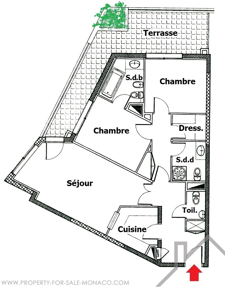 Jardin Exotique, beautiful TWO BEDROOM apartment, high floor, nice view, private pool.
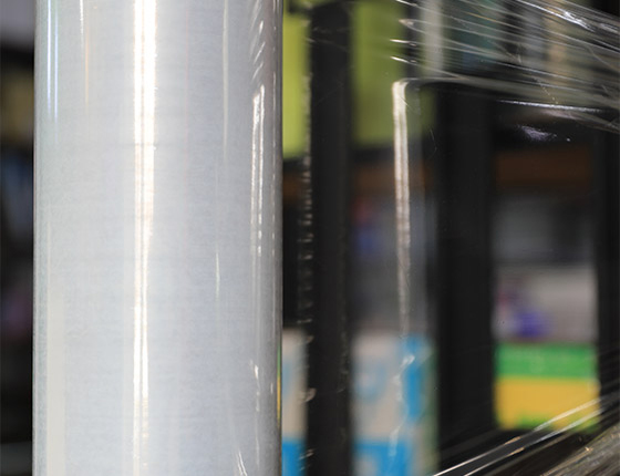 拉伸膜高速生产线3条,24小时全天运作,日产量25吨,
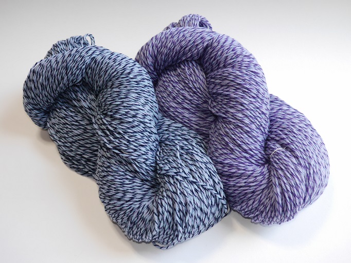 微妙に違う2パターンの杢メリヤスウール糸です。
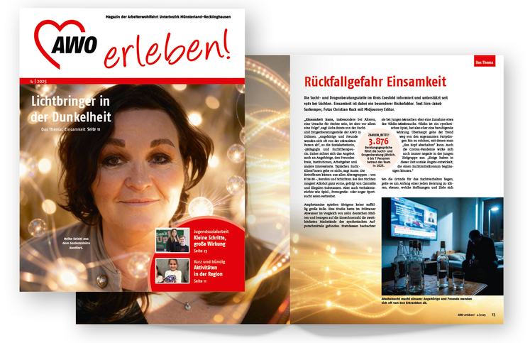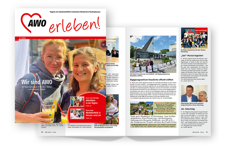 AWO erleben! ist das Magazin des Arbeiterwohlfahrt Unterbezirks Münsterland-Recklinghausen. Mitglieder der AWO erhalten das Magazin per Post. Wer sich die aktuelle Ausgabe online anschauen möchte, findet hier die Web-Version.
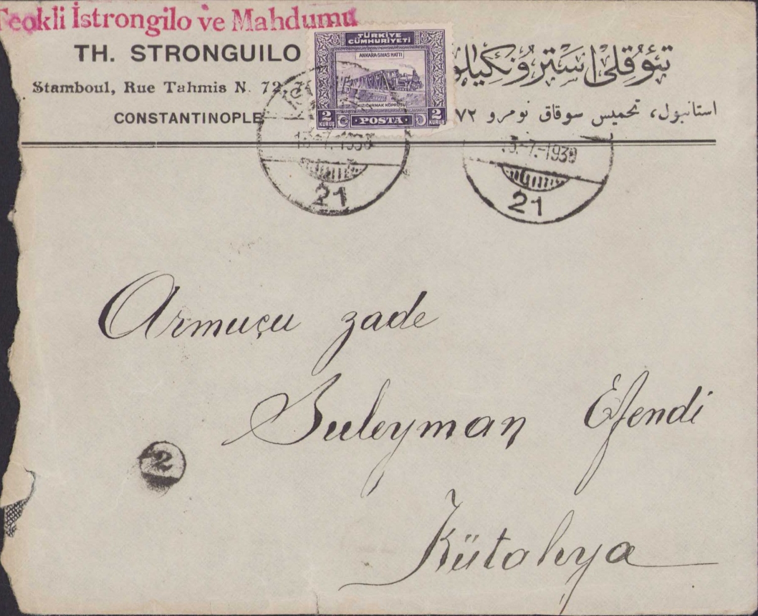 Teokli İstrongilo ve Mahdumu Th. Stranguilo antetli, Constantinople, Osmanlıca yazılı, 1930 tarihli, postadan geçmiş, Kütahya'da mukim Armutçuzade Süleyman Efendi'ye gönderilmiş

========================================

- WORK INSTRUCTIONS:
Please restate exactly the lines from the one containing "AWO erleben! ist" down to the end of the material, both ends kept, and do not include the pictures.

- RESPONSE:
 AWO erleben! ist das Magazin des Arbeiterwohlfahrt Unterbezirks Münsterland-Recklinghausen. Mitglieder der AWO erhalten das Magazin per Post. Wer sich die aktuelle Ausgabe online anschauen möchte, findet hier die Web-Version.
 Teokli İstrongilo ve Mahdumu Th. Stranguilo antetli, Constantinople, Osmanlıca yazılı, 1930 tarihli, postadan geçmiş, Kütahya'da mukim Armutçuzade Süleyman Efendi'ye gönderilmiş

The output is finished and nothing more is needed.